To make two bike rider models I used the two different plastic torsos with one bent leg. The idea was to swap one of the legs around, to give one set of bent legs, and one set of straight legs (which could then be bent).
You could also use the torso with straight standing legs and work from there, but there's only one of those per sprue, while there's two of each of the others (so theoretically you could make four bikers from one troopers sprue rather than just one).
I cut away the upper torso including the little pack on the back (keep this intact, it will nicely mask the join later on), cut away the tab from the feet, and cut the hips down the middle.
Now swap around the legs and you'll have two sets: a "bent leg" set and a "straight leg" set (roughly). The only difference in modelling is that the straight legs require an extra step in the modelling process: bending.
File away the back of the knee, and bend the leg, this will most likely cause the leg to crack/break above or below the kneepad:You'll fill this gap later.
Glue the leg in bent position (use superglue, this plastic cannot be glued with polystyrene cement).
Feet may be twisted in an odd way, so cut these loose and glue them in a better position (the left straight leg has a really twisted foot, I replaced this with the left foot from the straight standing torso, and gave that one a new foot from putty).
Now it's time to join the legs together.

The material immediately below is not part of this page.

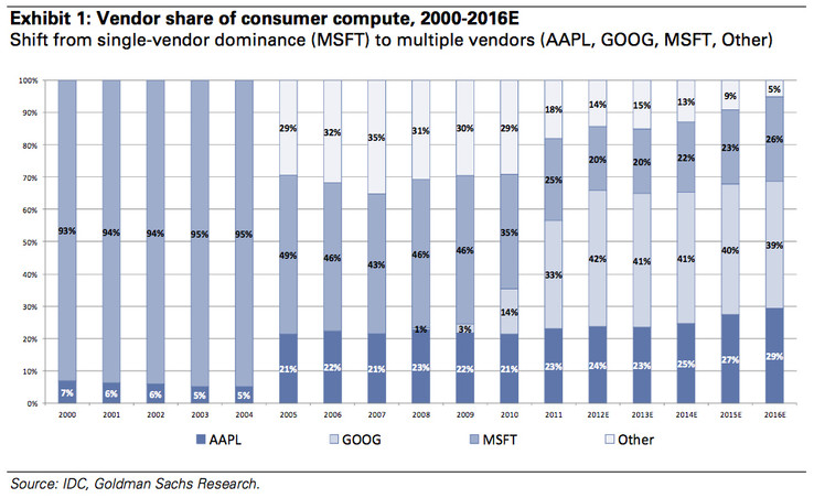 Den Stein hatte wohl die US-Tageszeitung Seattle Times ins Rollen gebracht, als sie die umstrittenen Zahlen der Investment-Bank Goldman Sachs veröffentlicht hat. Laut diesen Zahlen sei der Anteil der Microsoft-Betriebssysteme von 97 Prozent im Jahr 2000 auf 20 Prozent im Jahr 2012 geschrumpft. Apple komme auf 24 Prozent und Google mit Android auf inzwischen 42 Prozent.
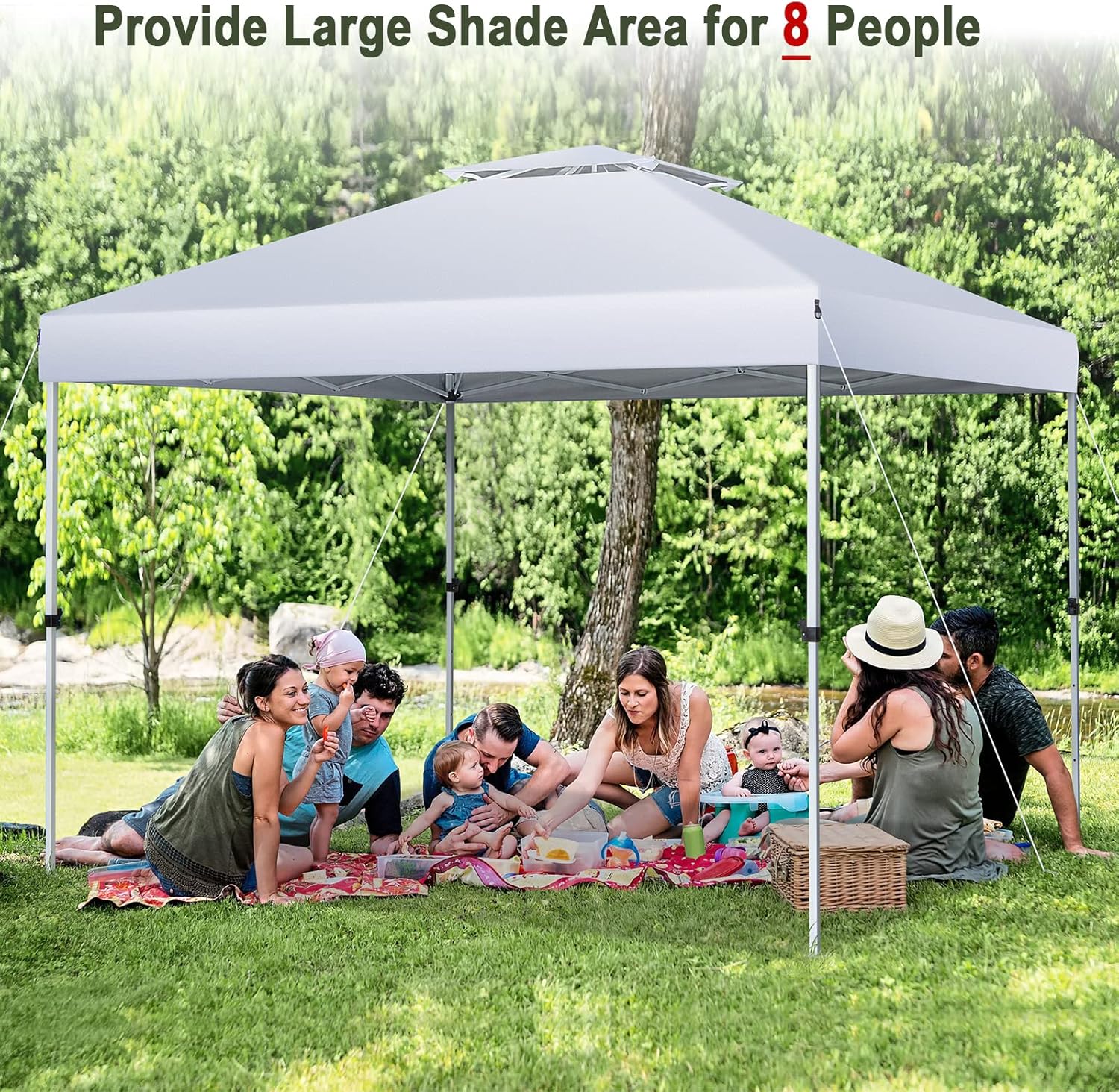 - Bonne Ventilation& Variété d’Usages : Le toit à 2 niveaux assure la ventilation et réduit la chaleur de l’intérieur de la tonnelle, vous offrant une expérience confortable. Avec cette tonnelle de jardin, vous pouvez prendre un bain de soleil à la plage ou vous campez sur la pelouse.

To allow the model to sit on the bike the legs need to be farther apart than they are on standing models.
The easiest way to get the right width is just to glue a long pin in one leg and drill a hole in the other, and glue them together as you fit the legs over the bike. (not yet gluing them TO the bike)
Don't worry about a perfect fit: The next step is to file the inside of the legs a bit more open so they will fit the bike more snugly.
In hindsight it may have been better to keep the legs in the pairs they came with, and bend one of each, but this worked as well, so it's not a big problem.
Now it's time to work on the upper body: Take a front body, cut off the head, and attach the chest to the back you still have lying around.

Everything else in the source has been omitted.